The alternative that Popper suggested is the question of detecting and eliminating error, by means of critical appraisal by all the methods of criticism that we can muster - logical analysis, experimental testing, consistency with other theories etc.
XVI
This section is on line. Popper spells ten theses to summarise the results of the discussion in the lecture.
1. There are no ultimate sources of knowledge. Every source, every suggestion, is welcome; and every source, every suggestion, is open to critical examination. Except in history, we usually examine the facts themselves rather than the sources of our information.
10. Every solution to a problem raises new unsolved problems; the more so the deeper the original problem and the bolder its solution.
XVII
The final section makes a case to give up the quest for the conclusive justification of our knowledge, but not to abandon the idea of truth as the goal of investigation. Some who accept that knowledge is essentially fallible abandon the quest for truth or opt for arbitrary authorities. Popper followed Russell in the belief that no person can establish the truth by decree, instead we should accept that truth is above human authority.

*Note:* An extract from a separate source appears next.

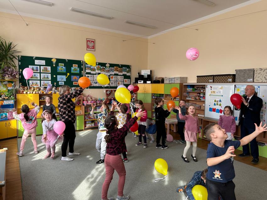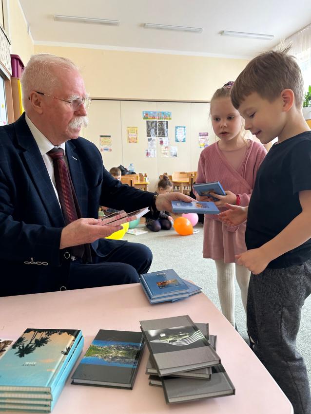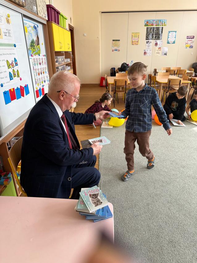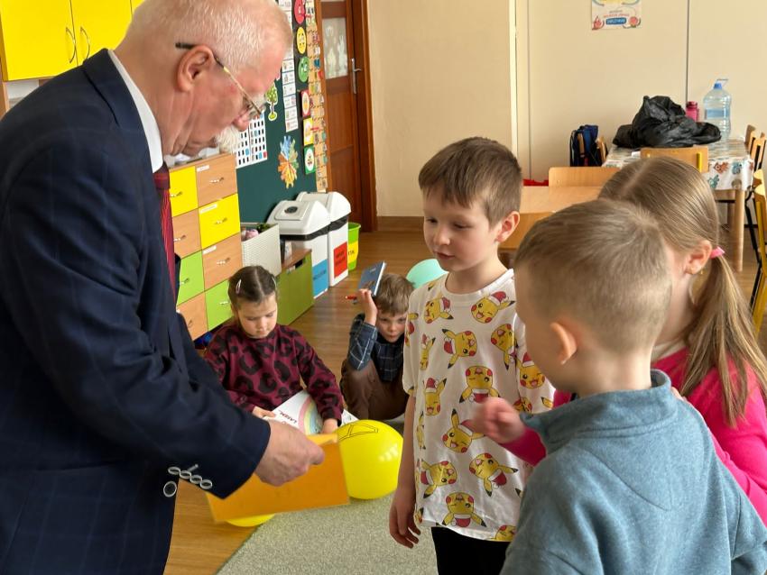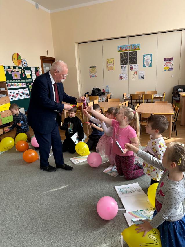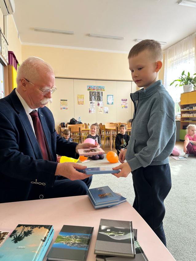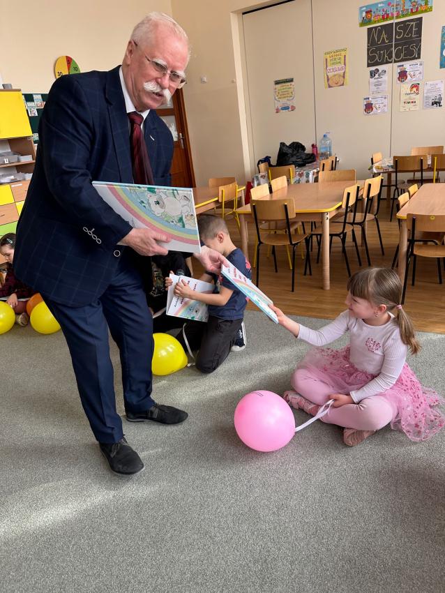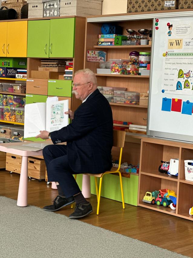 Dzisiaj w grupie Mróweczki odbyło sie spotkanie autorskie z Panem Antonim - autorem utworów dla dzieci w ramach współpracy z Klubem Seniora Plus. Na początku warsztatów nasz wspaniały Gość opowiedział dzieciom o swojeje wielkiej pasji - tworzenia dla dzieci i zaprezentował kilka wierszy swojego autorstwa. Pan Antoni przygotował wiele niespodzianek, każdego przedszkolaka obdarował napisaną przez siebie książeczką MASZEROWAŁ MISIU LASEM, notesikiem i długopisem, aby zachęcić małych artystów do tworzenia bajek. Następnie dzieci wybierały balony z literkami, aby wspólnie ułożyć tytuł tomiku wierszy Pana Antoniego. Przeszkolaki z zaciekawieniem oglądały upominiki. Na koniec były ogromne podziękowania za wkład w edukację najmłodszych i inspirująco przygotowane warsztaty.

Bill Bartley on the structure of Popper's epistemology.
The importance of Bartley's take on Popper was exemplified by my own experience in a series of lectures to an elderly group of people who convened to discuss the Philosophy of Humanism. They met for an afternoon every two weeks over a period of ten years and they covered a huge amount of ground although they never produced anything that aroused much interest from the committee of the local Humanist Society or the membership at large. I led the discussion fairly regularly for about a year, late in the 10-year period and a very interesting pattern emerged.
After about four sessions the group seemed to be getting the idea of Popper's theory of conjectural knowledge, then they decided to invite some other discussion leader (a professional philosopher) just for variety. When I returned I had to start all over again to get across the idea of conjectural knowledge and the criticism of induction. Then the same process occurred, they made good progress with Popper's views on knowledge and some other issues like essentialism, then they had a session or two with other discussion leaders and when I came back, the process had to start from the beginning again.
This was reminiscent of the mythical figure of Sisyphus who pushed a stone up hill all day and it rolled back down to the bottom during the night. Then I decided to move backwards or sideways and so I fed them some papers by Bill Bartley. Most of the group members were keen enough to undertake quite serious reading, even though they often struggled with the interpretation. They certainly struggled with Bartley but two of them stuck to the task and as a result they never rolled back down the hill again. Some of the Bartley articles are now on line.
The point of that story is that Bartley explained something about the structure of Popper's ideas that is rendered invisible by the more common approaches to the theory of knowledge and belief, especially the aim of justification or confirmation of beliefs. When the difference in structure is grasped, it is much harder (though by no means impossible) for people to lose the plot and revert back to the conventional ways. For academic philosophers of course the situation is complicated by the need to maintain credibility in the profession in order to achieve tenure and promotion.